I’m not sure what steps she’s on here (the one in the red), maybe 2, since she seems on a tear:
I was closer to a 20 step ratio. Also exhausted. This didn’t help our situation, since we were in a scrum of trekkers who were all competing for rooms at the top of this incline. If we didn’t speed up, we’d risk having to sleep on the ground, huddled next to each other in the overpacked lodge (probably not entirely bad for the extra body heat – but would be a pain in the ass, sorting out our gear). Thakur, seeing we were minutes away from crawling, saved the day and bounded up the pitch, trying to secure us all rooms. This may have inspired us to stay on our feet, though it didn’t get us to move any faster. Time stretched. We’d been walking straight up for an hour – and were only three quarters of the way there.
Then a beam of hope. Thakur came rushing back down the mountain to tell us he’d got us all rooms. While this could have been a motivation to spur us on – what really did it, was that Thakur insisted on taking my daypack, which probably weighed 8kilos, but at this point felt like I was carrying a car. We eventually gasped our way up to the top – stopping at various points on the walk to commiserate with other trekkers panting, communicating with them through eye contact by saying: “This is ridiculous” to which they’d reply with their eyes: “I’m going to kill someone when I have energy”.
We finally made it, the last stop before the pivotal climb the next day- Thorung High Camp:
Inside that place behind the horses was the restaurant where I snacked on a plate of boiled potatoes while listening to Thakur suggest we walk up a ridge behind this spot that reaches 5000metres. This, he reasoned, would help us acclimatize to the even higher altitude the following day. Rose laughed. She wasn’t moving. Nor was Michaela.

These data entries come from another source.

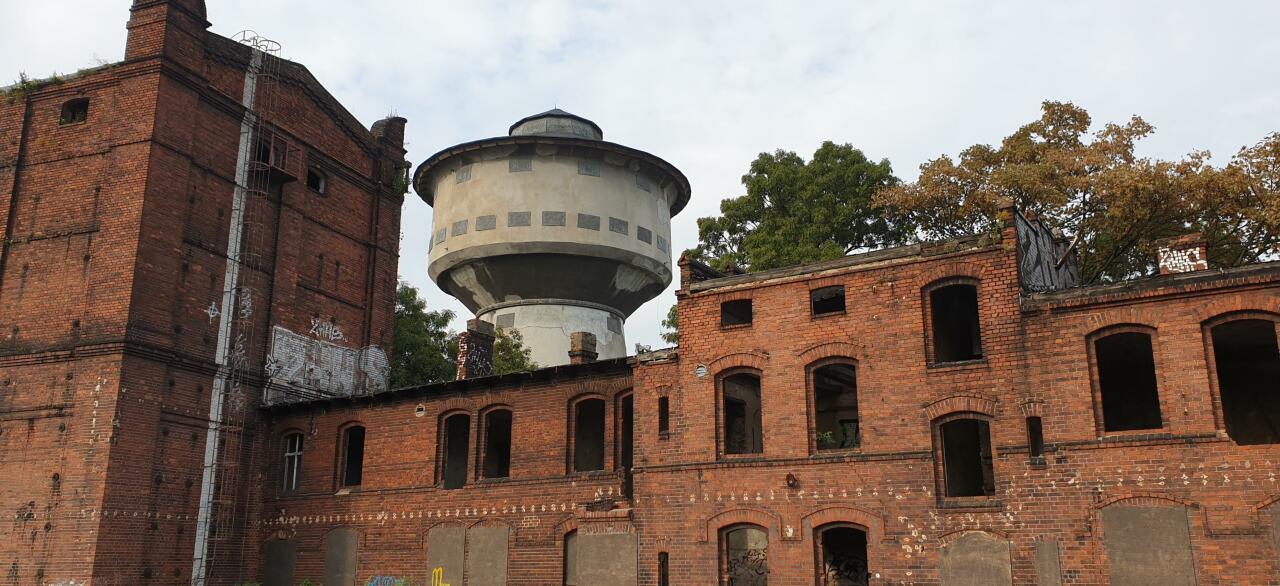 Wieża wodna przy ulicy Roboczej widziana poprzez dawny młyn.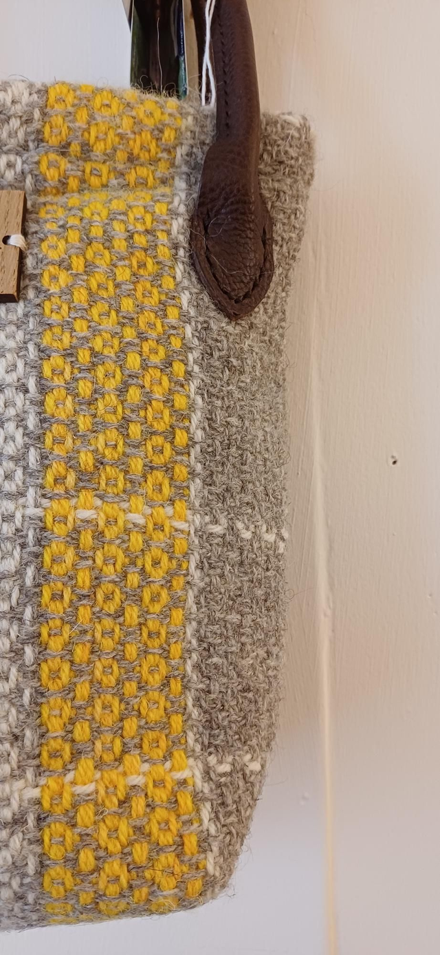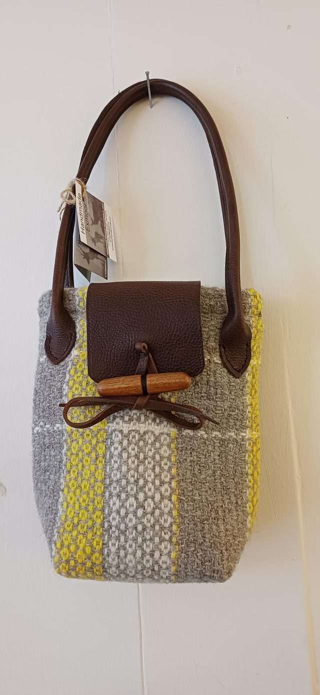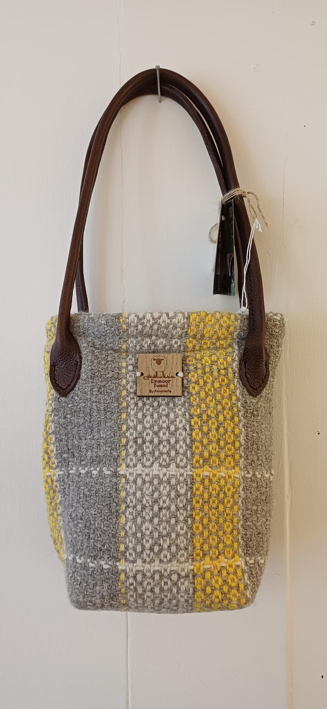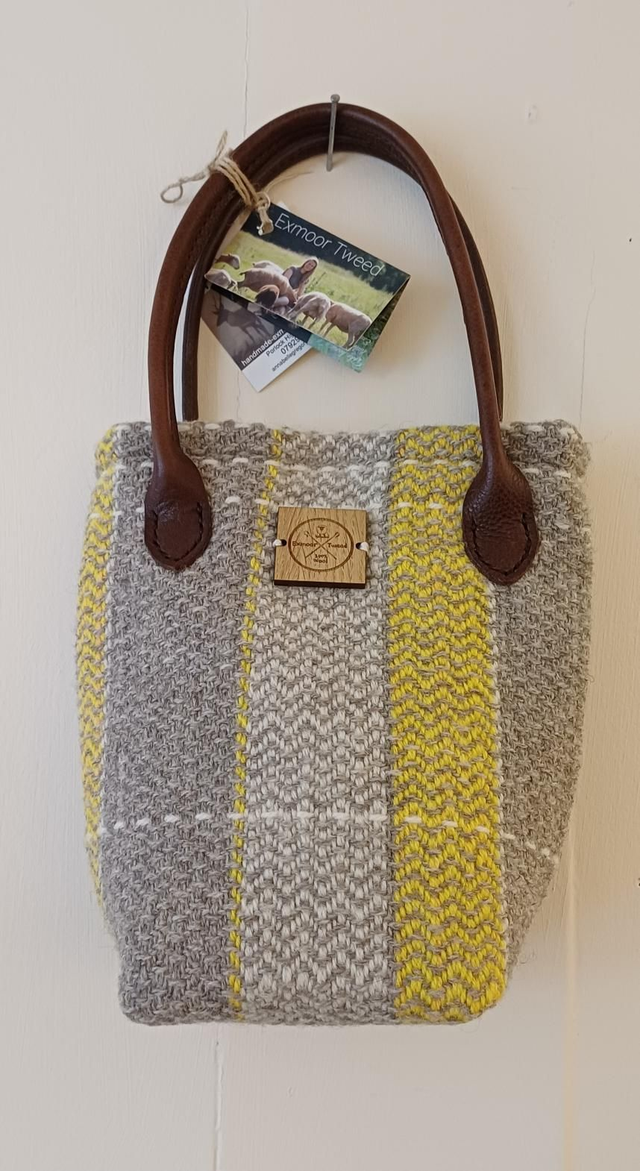Beautiful Exmoor Tweed sholder bag handmade and woven by myself from 100% wool from my flock on Exmoor. The bag is cotton lined with sheep fabric and handmade soft leather handles from my amazing leather lady Katrina.
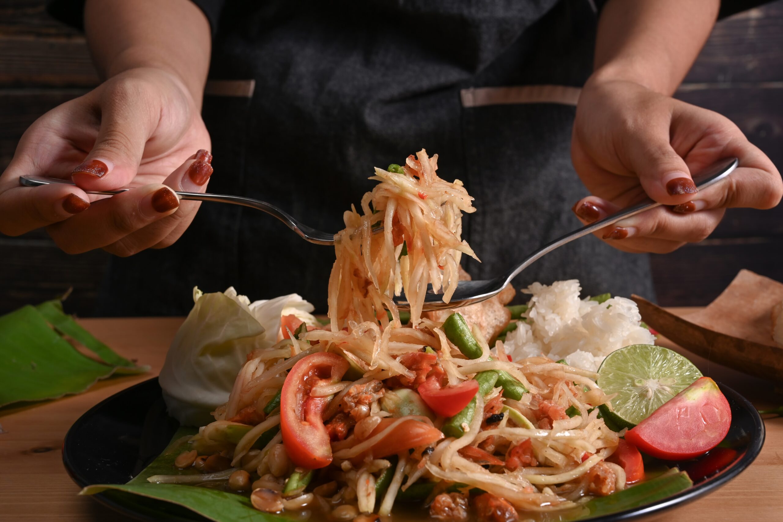 Hvis du vil spise deg til velvære, finnes det få bedre reisemål enn Thailand. Landet har en matkultur der friske råvarer spiller hovedrollen. Urter som galangal og sitrongress brukes fordi de både smaker godt og gjør godt. Grønnsaker, fisk og frukt står sterkt på bordet. Krydder løfter sansene og bidrar til at du føler deg våken og opplagt.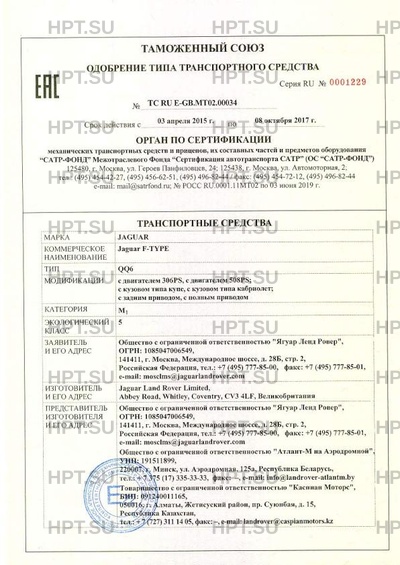 Коммерческое наименование Jaguar F-TYPE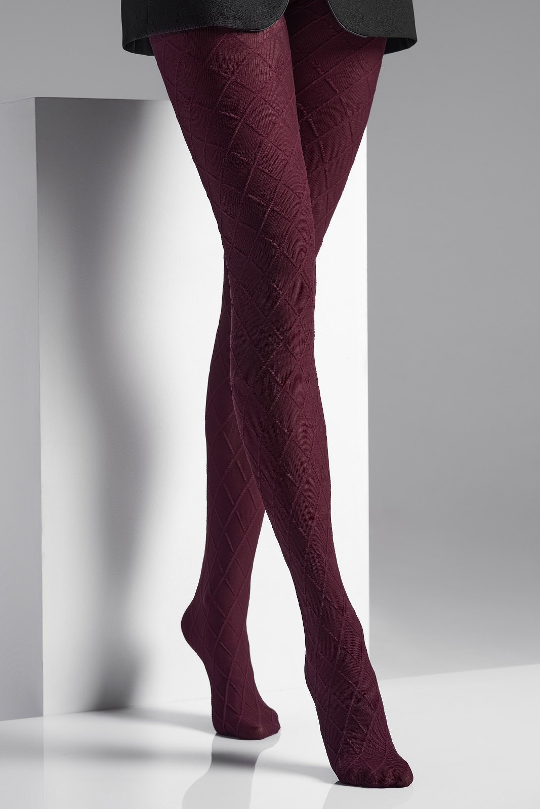 Nepriehľadné pančuchy z mikrovlákna - vypuklý geometrický vzor -malý klin - pohodlný, neťahavý pás Zloženie: 95 % polyamid, 5 % elastan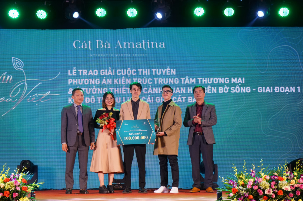 Đối với Cuộc thi tuyển Ý tưởng thiết kế cảnh quan hai bên bờ sông Giai đoạn 1 – Dự án Cát Bà Amatina được tổ chức dành riêng cho các sinh viên ngành Kiến trúc – Quy hoạch. Ban Tổ chức đã lựa chọn Phương án dự thi của nhóm sinh viên đến từ trường Đại học Xây dựng và trao giải Nhất với ý tưởng thiết kế mang lại một môi trường sống xanh cho dân cư đô thị và trải nghiệm ấn tượng cho du khách khi đến nghỉ dưỡng tại khu đô thị; cùng với 02 phương án giải Nhì và 03 phương án giải Ba.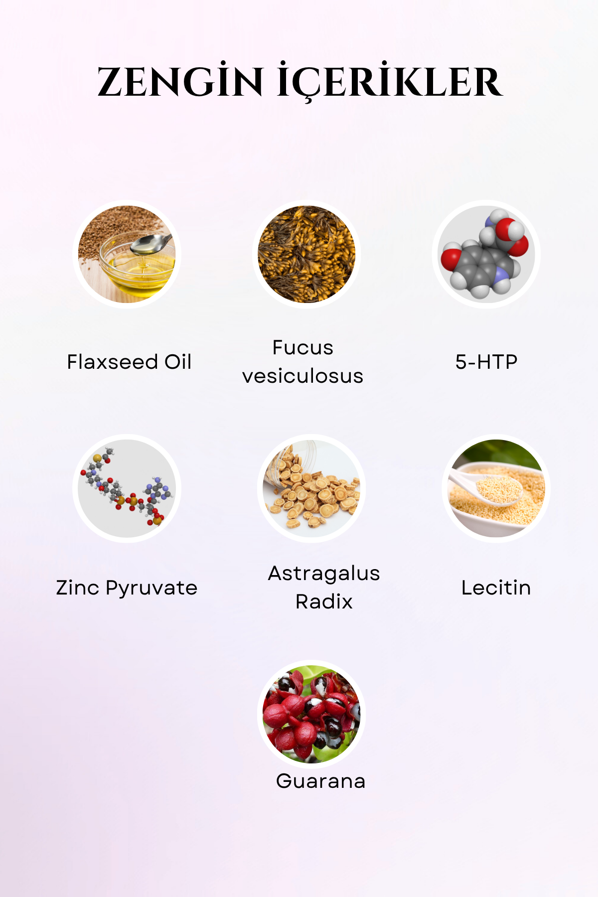 BANT İÇERİĞİ: Astragalus Radix, Guarana, Focus Vesiculosus, 5-HTP, Çinko Pirüvat, Keten Tohumu Yağı, Lecitin.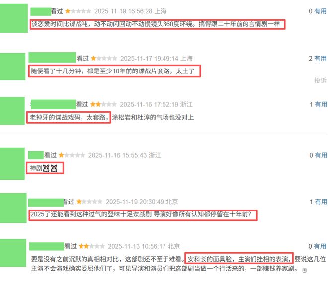 主角自带光环武力值超群,爱情戏占比过重挤压谍战主题,演员的表演套路化,方方面面都在观众的差评中沦陷。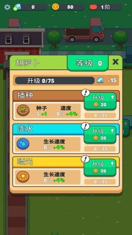 2、起初,玩家的背包容量有限,每次只能背一定数量的水果,需要多次跑到商店那里升级新的包,以帮助玩家快速赚钱。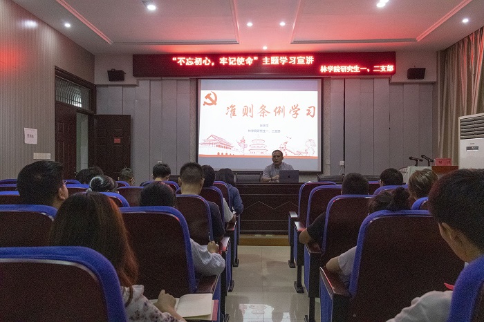 学习宣讲结束后,研究生一、二支部党员同志们进行了学习交流,畅谈了各自的学习心得体会,纷纷表示对新《准则》《条例》有了新的认识,今后要把学习《准则》和《条例》与学习党章、党的十九大精神等紧密结合起来;要真正学深悟透、融汇贯通,做到内化于心、外化于行,增强贯彻执行的自觉性和坚定性。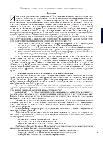 Интеграция искусственного интеллекта (ИИ) в процессы создания медиаконтента представляет собой одну из наиболее актуальных и сложных проблем современной науки и медиаиндустрии. В условиях стремительного развития технологий ИИ становится ключевым инструментом трансформации медиаландшафта. технологии искусственного интеллекта кардинально меняют традиционные подходы к созданию, распространению и потреблению контента, что приводит к пересмотру роли человека в медиапроцессах [Соловьёв, 2021. С. 60–62]. Кроме того, социальные, культурные и психологические аспекты взаимодействия человека с ИИ становятся предметом активных дискуссий. Искусственный интеллект не только трансформирует профессиональные практики, но и становится неотъемлемой частью повседневной жизни, вызывая одновременно восхищение и опасения [Шомова, Качкаева, 2024. С. 12].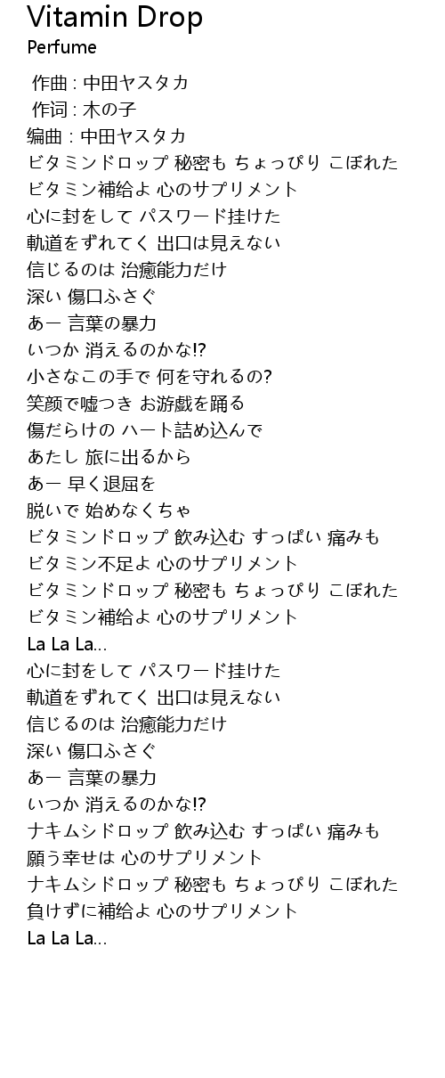 ビタミンドロップ 秘密も ちょっぴり こぼれた |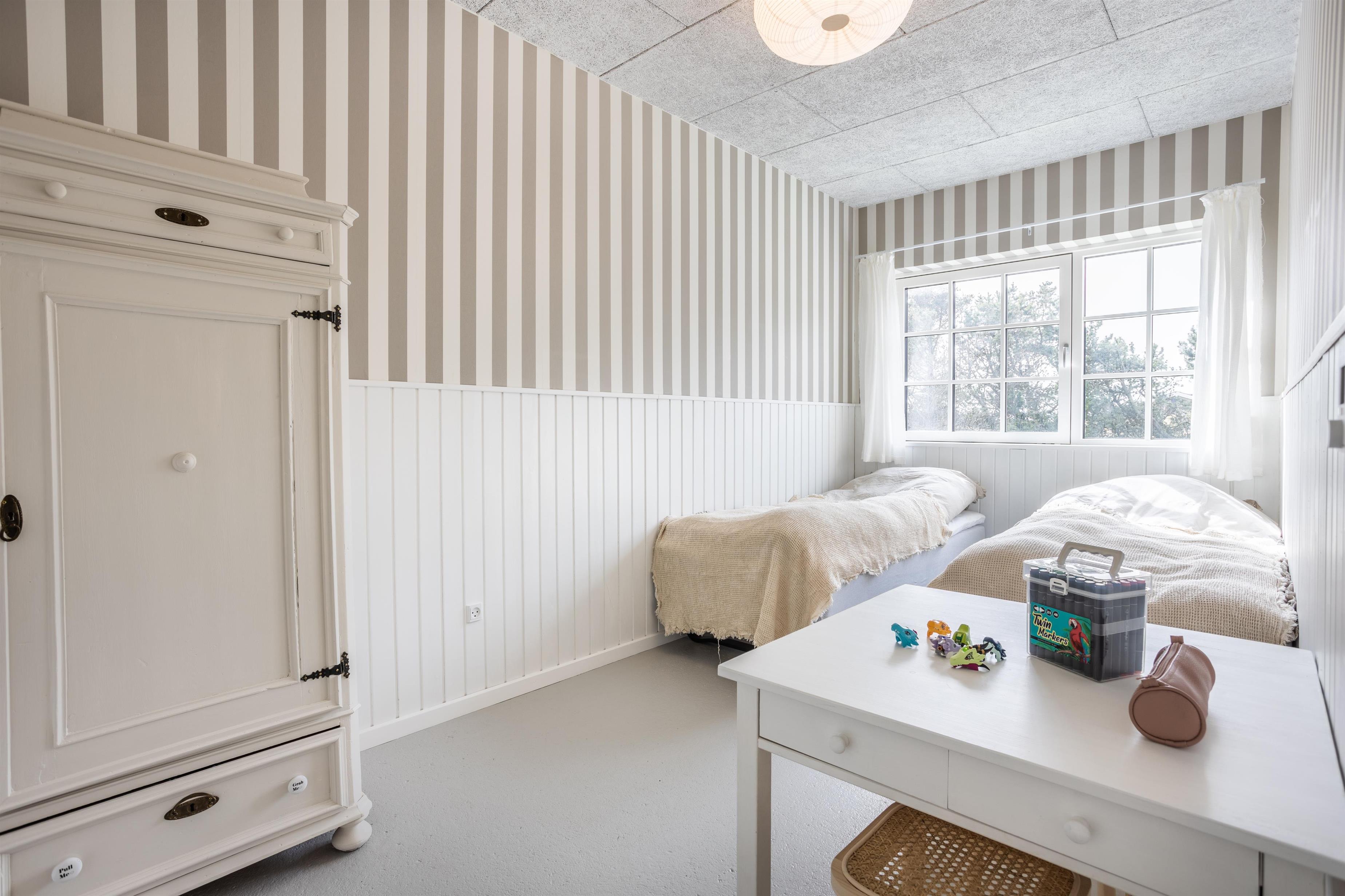 Die geschmackvoll eingerichteten Schlafzimmer im klassischen "Badehotel-Look" mit gestreiften Tapeten, hohen Paneelen und leichten Vorhängen schaffen eine ruhige und gemütliche Atmosphäre. Das Ferienhaus verfügt über ein modernes Badezimmer mit Dusche sowie ein zusätzliches Gäste-WC – ideal für größere Familien. Durch die clevere Raumnutzung bietet das Haus komfortablen Platz für bis zu sechs Personen.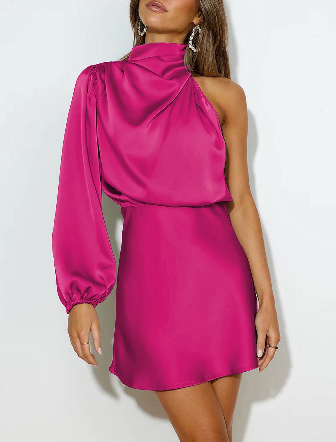 Suknie dla gości weselnych w kształcie litery A Suknia wieczorowa Sweet 16 Półformalna z trenem typu sweep Długi rękaw Wysoki dekolt Elastyczna satyna Odkryte plecy z marszczeniami

I still felt like I could do it. I don’t know why – well, I do know why: anxiety. I’d listened to the doctor’s explain the symptoms of altitude sickness, and paid special attention to the moment when they talked about a swollen brain, and all kinds of horrific talk about internal bleeding. The visual was enough motivation for me.
So, I climbed with Shari. And, the view was really amazing:
And, the other way: that little path in the distance is where the trek started the next day. But first, we’d have a largely sleepless night where I wasn’t sure if I’d be headed in that direction or the way we just came from.